• Problem to solve: What you return must be exactly the lines from the beginning of the material through the line containing "In the chart below, the", both included, and no pictures.

[Opening Provided data section]

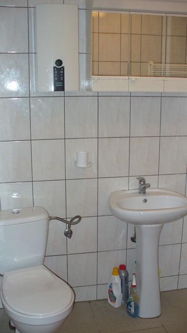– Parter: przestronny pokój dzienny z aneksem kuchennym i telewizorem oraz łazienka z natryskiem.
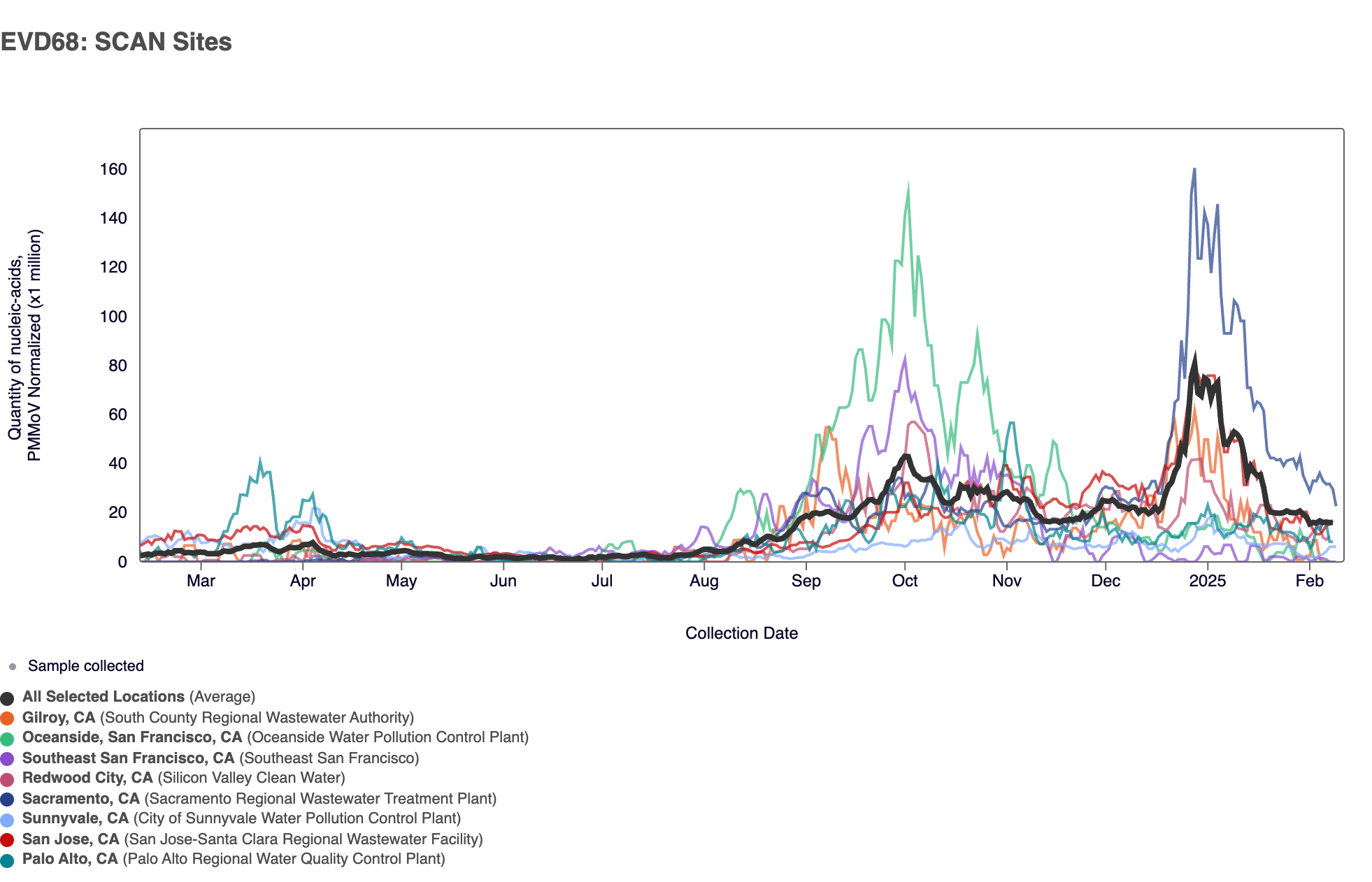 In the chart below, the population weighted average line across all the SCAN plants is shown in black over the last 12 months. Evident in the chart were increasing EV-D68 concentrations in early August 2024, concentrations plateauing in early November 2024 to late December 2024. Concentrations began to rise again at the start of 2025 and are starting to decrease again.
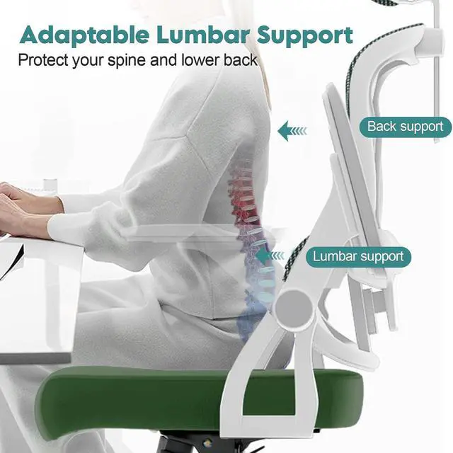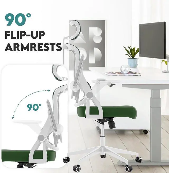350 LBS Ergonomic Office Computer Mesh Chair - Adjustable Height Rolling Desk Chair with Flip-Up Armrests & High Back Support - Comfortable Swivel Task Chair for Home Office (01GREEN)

[Closing Provided data section]

• Result of this exercise:
– Parter: przestronny pokój dzienny z aneksem kuchennym i telewizorem oraz łazienka z natryskiem.
 In the chart below, the population weighted average line across all the SCAN plants is shown in black over the last 12 months. Evident in the chart were increasing EV-D68 concentrations in early August 2024, concentrations plateauing in early November 2024 to late December 2024. Concentrations began to rise again at the start of 2025 and are starting to decrease again.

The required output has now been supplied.